Departments cope with decreasing budget

Maria Eberhart, Editor-in-chief

Dulaney’s operating budget has steadily declined since the 2015-16 school year despite consistent enrollment and increasing structural issues.

The operating budget, which is specifically apportioned for supplies, materials and other various services, is determined by Baltimore County Public Schools using a per pupil allocation formula based on student enrollment. Dulaney’s population has remained around 1800 students, but the operating allocation for the 2018-19 school year is $215,000 compared to $330,000 three years ago for fiscal year 2015-16.

BCPS attributes this decrease partially to the fact that schools no longer need to purchase computers and printers due to the new, expansive technology initiative. Principal Sam Wynkoop, who is responsible for managing the budget, has handled the cutbacks by making department chairs request materials instead of allotting specific funds for each department. He urges department heads to be frugal when making their requests.
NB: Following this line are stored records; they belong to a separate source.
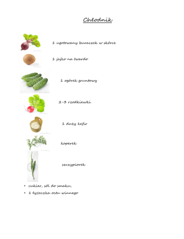 Chłodnik 1 ugotowany buraczek w skórce 1 jajko na twardo 1 ogórek gruntowy 2-3 rzodkiewki 1 duży kefir koperek szczypiorek • cukier, sól do smaku, • 1 łyżeczka octu winnego 1. Buraczki obrać ze skórki i utrzeć na tarce 2. ogórki obrać i pokroić w cienkie plasterki 3. rzodkiewkę i jajko pokroić w kosteczkę 4. koperek i szczypiorek posiekać 5. wszystkie składniki wrzucić do miski, zalać kefirem i dodać przyprawy do smaku ( chłodnik powinien być winno – słodki) 6. Schłodzić w lodówce i jeść z ugotowanymi młodymi ziemniaczkamiposypanymi koperkiem Życzymy smacznego !!!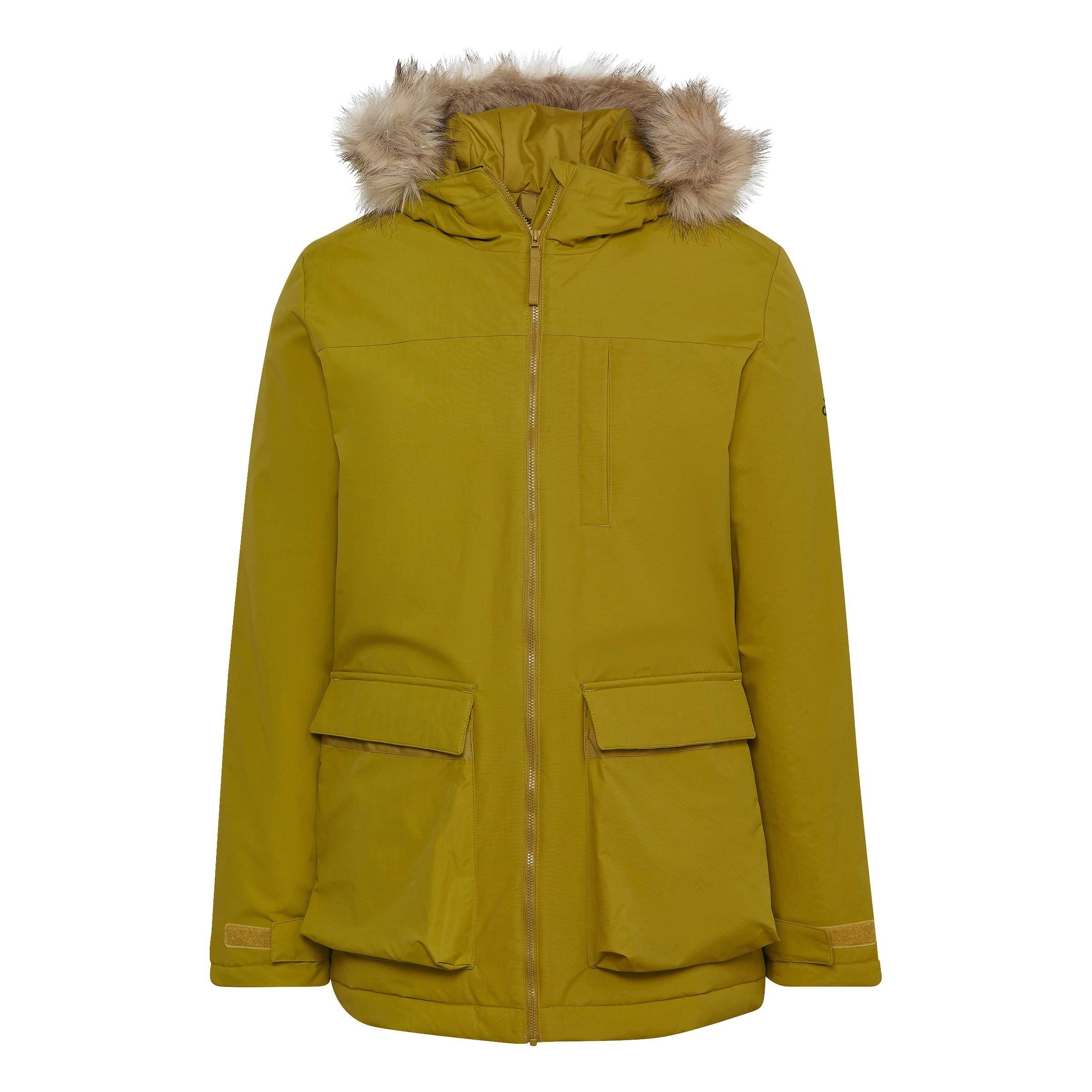 - Full-zip design with snap-off hood fur for protection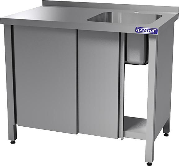 Одна емкость цельнотянутая, одинарная. Каркас из нержавеющей стали AISI 430. Мойка находится слева. Имеется борт. Столешница выполнена из нержавеющей стали AISI 430. Две двери-купе,крыло, полка-дно. Ванна закрыта по бокам. Задняя стенка отсутствует.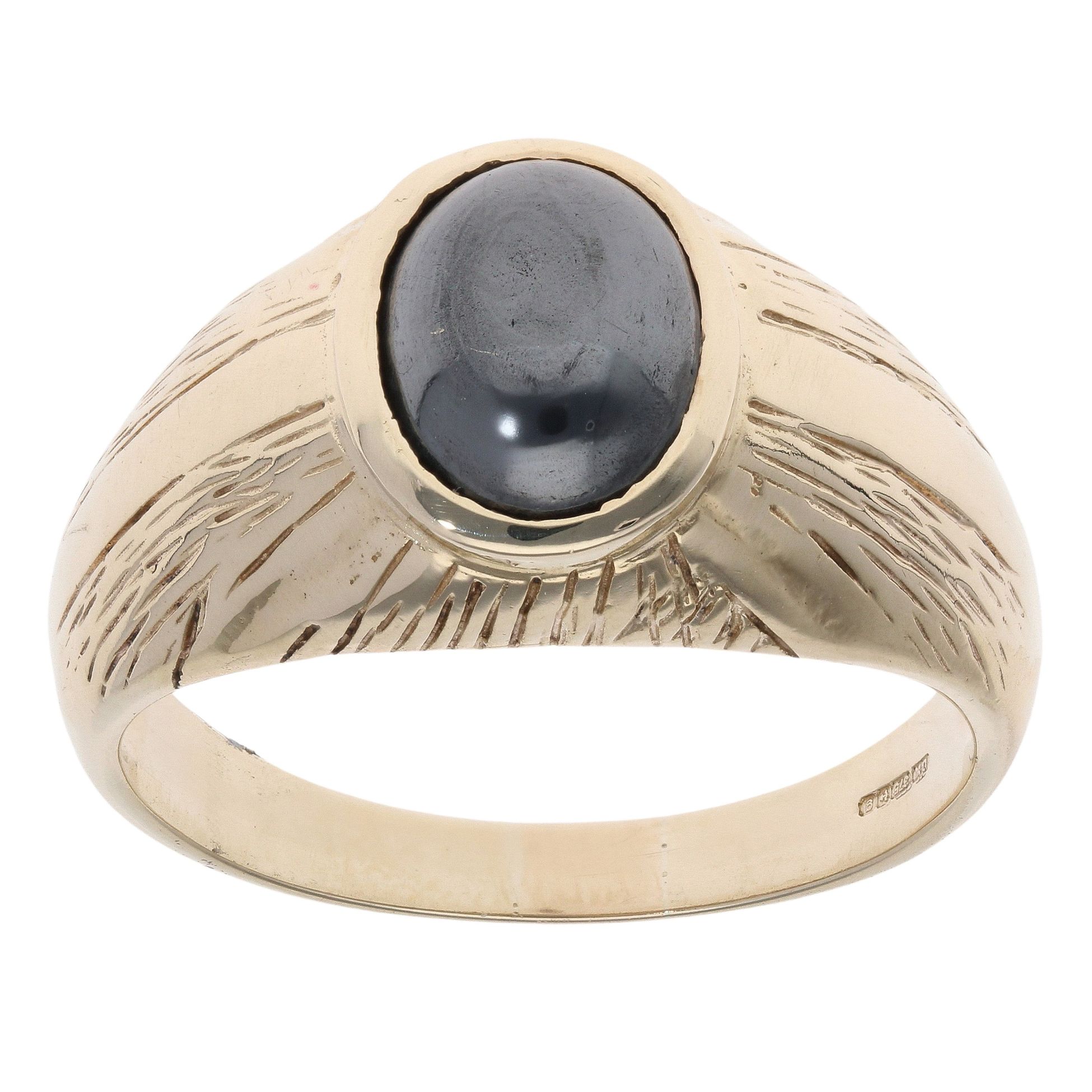 9ct Yellow Gold Hematite Cabochon Signet Ring

English department chair Jason Bowman is considerate of the tightening budget.

“I tend to be really thoughtful of what I order, because I know we have limited resources,” Bowman said.
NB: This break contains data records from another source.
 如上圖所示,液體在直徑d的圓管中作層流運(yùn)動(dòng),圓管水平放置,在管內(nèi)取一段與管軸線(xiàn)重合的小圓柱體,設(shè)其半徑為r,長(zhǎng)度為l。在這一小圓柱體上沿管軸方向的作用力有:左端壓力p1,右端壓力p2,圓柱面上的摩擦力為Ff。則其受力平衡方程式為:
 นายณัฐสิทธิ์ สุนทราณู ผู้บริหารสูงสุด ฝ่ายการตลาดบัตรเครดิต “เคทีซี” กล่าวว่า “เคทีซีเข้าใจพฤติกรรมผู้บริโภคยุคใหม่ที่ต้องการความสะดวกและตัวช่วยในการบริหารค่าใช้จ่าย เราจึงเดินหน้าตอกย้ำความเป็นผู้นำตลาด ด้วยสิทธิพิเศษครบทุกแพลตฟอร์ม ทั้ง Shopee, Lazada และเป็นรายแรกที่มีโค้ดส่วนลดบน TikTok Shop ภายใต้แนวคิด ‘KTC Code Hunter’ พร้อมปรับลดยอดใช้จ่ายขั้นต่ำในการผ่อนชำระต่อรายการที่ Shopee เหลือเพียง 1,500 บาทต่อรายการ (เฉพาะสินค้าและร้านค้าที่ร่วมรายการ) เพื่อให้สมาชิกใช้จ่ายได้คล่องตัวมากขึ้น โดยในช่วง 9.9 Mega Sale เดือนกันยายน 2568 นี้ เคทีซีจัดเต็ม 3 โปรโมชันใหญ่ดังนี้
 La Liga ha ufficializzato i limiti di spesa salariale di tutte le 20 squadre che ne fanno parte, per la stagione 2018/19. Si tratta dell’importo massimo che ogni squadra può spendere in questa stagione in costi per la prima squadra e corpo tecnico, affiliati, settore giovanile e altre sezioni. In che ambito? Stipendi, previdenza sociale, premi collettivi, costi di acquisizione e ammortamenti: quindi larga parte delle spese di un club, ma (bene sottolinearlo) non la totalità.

While Bowman generally considers the English department’s expenses accounted for, there are instances in which lack of funding is evident.

“It would be awesome to have money for National English Honor Society to do more and to send teachers to conferences and things like that…I don’t even ask because I know it’s not available,” Bowman said.

Student activity funds, such as paid admissions at sporting events and selling advertisements in The Griffin, also aid in financing programs at Dulaney. But the Parent Teacher Student Association and booster club fundraising is critical in supporting most school activities, especially athletics.

Director of Athletics Richard Reed is wary of the decreasing budget considering Dulaney’s large population of 1300 student athletes. He has also observed noticeable changes as a result of insufficient funding.

“When I first got here there were 20 JV baseball games allocated for the season, now we are down to 14. They [students] don’t see that games cost money. So, the county reduces some games and that really hurts,” Reed said.

Reed credits careful management and successful fundraising as methods of coping.

“We are very fortunate to have an amazing booster club… and we manage our money better than most,” Reed said. “Our teams are very good with regulating revenue, getting what they need, and having goals.”